### DATASET EXCERPT

+===+

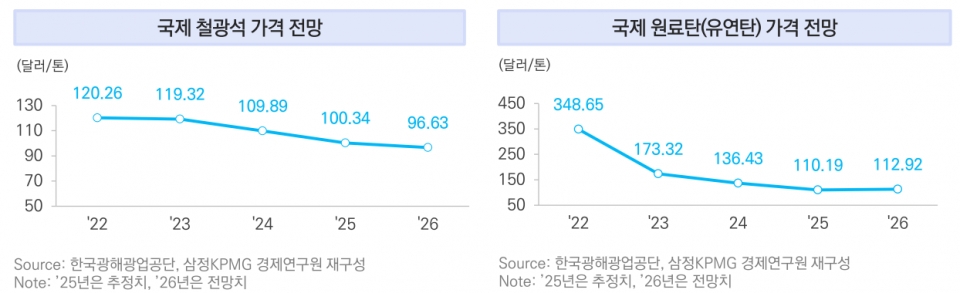 또한 삼정KPMG는 철강 원재료 가격은 약보합세를 예상했다. 연구원은 “2026년에 철강석은 연평균 톤당 97달러 수준, 원료탄(유연탄)은 톤당 113달러 수준이 예상된다”라며 “중국의 조강 생산량이 비교적 안정된 수준을 유지하고 있어 철광석 가격이 2025년 가격 대비 소폭 하락할 전망되지만, 향후 중국발 수요가 급감할 경우 철광석 가격도 추가 하락할 가능성이 있다”고 전망했다.
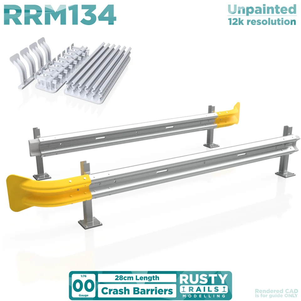 Rusty Rails Modelling 134 Crash Barriers, 1:76/OO, Self Assembly Unpainted 3D Printed Kit
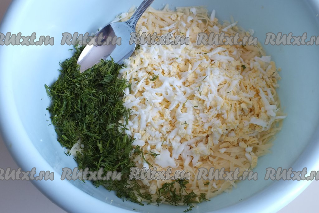 Пока тесто подходит, сделайте начинку. Для этого отварите 2 яйца в течение 8-9 минут с начала кипения воды, затем полностью остудите и очистите. Вымойте и обсушите, а затем мелко нарежьте укроп. В миску на крупной тёрке натрите яйца и сыр, добавьте укроп.
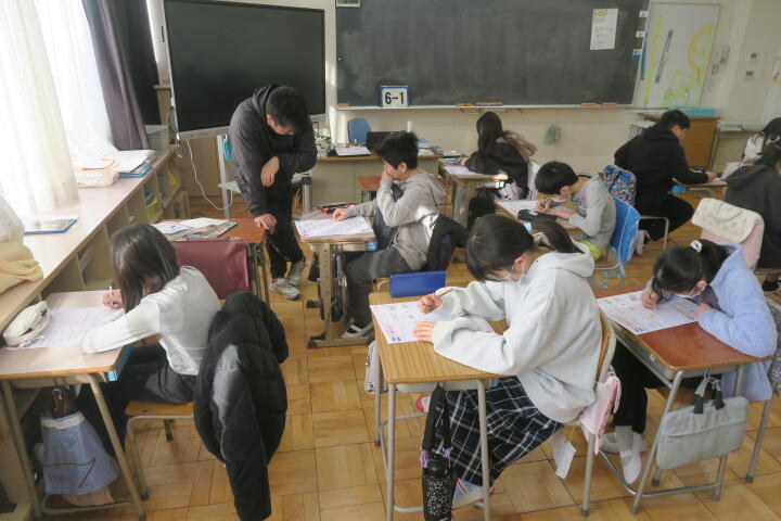 令和7年度 全ての記事 全ての記事 カテゴリ 今日の出来事 連絡事項 アーカイブ 2026年1月 (115) 2025年12月 (166) 2025年11月 (174) 2025年10月 (163) 2025年9月 (164) 2025年8月 (5) 2025年7月 (135) 2025年6月 (158) 2025年5月 (164) 2025年4月 (169) 2025年3月 (131) 2025年2月 (127) 2025年1月 (102) 2024年12月 (109) 2024年11月 (131) 2024年10月 (135) 2024年9月 (107) 2024年8月 (0) 2024年7月 (112) 2024年6月 (141) 2024年5月 (112) 2024年4月 (102) 2024年3月 (84) 2024年2月 (103) 2024年1月 (95) 2023年12月 (82) 2023年11月 (105) 2023年10月 (53) 2023年9月 (94) 2023年8月 (2) 2023年7月 (102) 2023年6月 (105) 2023年5月 (70) 2023年4月 (83) 5件 1件 5件 10件 20件 50件 100件 【6年生】算数 投稿日時 : 01/26 校長 カテゴリ:今日の出来事 6年生の算数はワークテストでした。 6年生の仕上げの問題を集中して解いていました。 【5年1組】図工 投稿日時 : 01/26 校長 カテゴリ:今日の出来事 1組の図工は「すてきな明かり」の学習の続きです。 本番用の粘土でランタン作りを始めていました。 【1年2組】朝の会 投稿日時 : 01/26 校長 カテゴリ:今日の出来事 2組の朝の会は給食のアンケートを行っているところでした。 給食をおいしいと感じるかなど、挙手で答えていました。 【1年1組】算数 投稿日時 : 01/26 校長 カテゴリ:今日の出来事 1組の算数は大きな数の学習の続きです。 位取りを意識した数のとらえ方を学習していました。 【全校朝会】 投稿日時 : 01/26 校長 カテゴリ:今日の出来事 本日の全校朝会は校庭で行いました。 日直の先生から、今月の目標「丁寧な言葉づかいをしよう」 の話がありました。 « 123456789 »

+===+

### REQUIRED WORK
Print the data above verbatim from the first line through the line holding "Пока тесто подходит, сделайте", leaving every picture out.

### TASK OUTPUT
 또한 삼정KPMG는 철강 원재료 가격은 약보합세를 예상했다. 연구원은 “2026년에 철강석은 연평균 톤당 97달러 수준, 원료탄(유연탄)은 톤당 113달러 수준이 예상된다”라며 “중국의 조강 생산량이 비교적 안정된 수준을 유지하고 있어 철광석 가격이 2025년 가격 대비 소폭 하락할 전망되지만, 향후 중국발 수요가 급감할 경우 철광석 가격도 추가 하락할 가능성이 있다”고 전망했다.
 Rusty Rails Modelling 134 Crash Barriers, 1:76/OO, Self Assembly Unpainted 3D Printed Kit
 Пока тесто подходит, сделайте начинку. Для этого отварите 2 яйца в течение 8-9 минут с начала кипения воды, затем полностью остудите и очистите. Вымойте и обсушите, а затем мелко нарежьте укроп. В миску на крупной тёрке натрите яйца и сыр, добавьте укроп.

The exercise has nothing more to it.